General information
- Type: Technology demonstrator
- Manufacturer: Alenia

= Alenia Aeronautica ITV =

The Alenia ITV is a technology demonstrator aircraft developed in Italy in the early 21st century. In the spring of 2003, Alenia Aeronautica of Italy unveiled a non-flying ground-test prototype of a half-scale unmanned combat aerial vehicle demonstrator, known as an "Integration Technology Vehicle (ITV)", with a flight prototype to follow. The ITV has a high-mounted wing with a sweep of 35 degrees; a vee tail; a Microturbo TRI60-5 turbojet, with 4.4 kN (450 kgp / 990 lbf) thrust, mounted on the back behind the wing; retractable tricycle landing gear; and metal construction.
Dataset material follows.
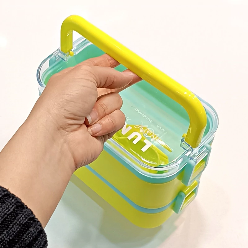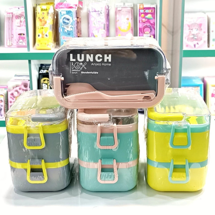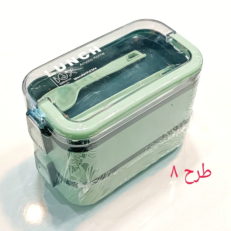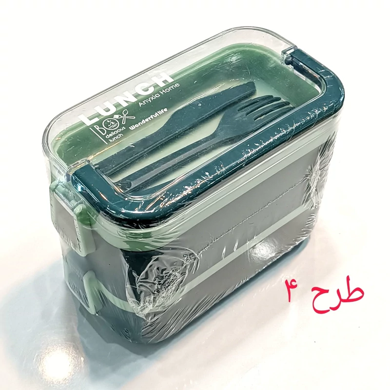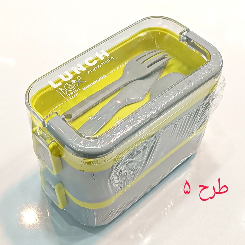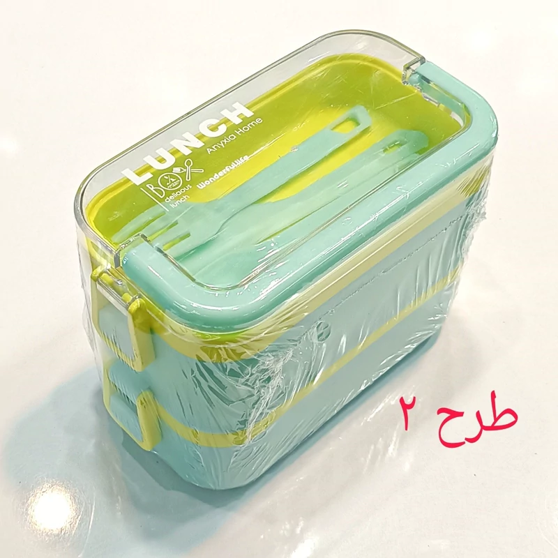 ظرف غذا دو طبقه دسته دار همراه با قاشق و چنگال و چاقو در رنگهای متنوع و جذاب و دوست داشتنی مناسب سلیقه های مختلف و قابل استفاده در مکانهای مختلف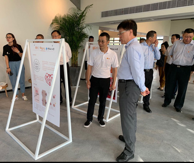 图4 时任崂山区委书记江敦涛参观项目成果展板

As the ITV designation suggests, this machine is strictly for technology development and risk reduction. A "real" Alenia Aeronautica UCAV will be at least twice as big, use a tailless delta configuration, and will be made mostly of composite materials. It will have a modular payload bay for carriage of smart weapons, SAR, or day-night EO sensors. Alenia Spazio, a sister organization in the Finnmeccia Group, will provide a satellite data link. Meteor is also part of the Finnmeccia group and there is likely some collaboration between Meteor and Alenia Aeronautica on UAV design.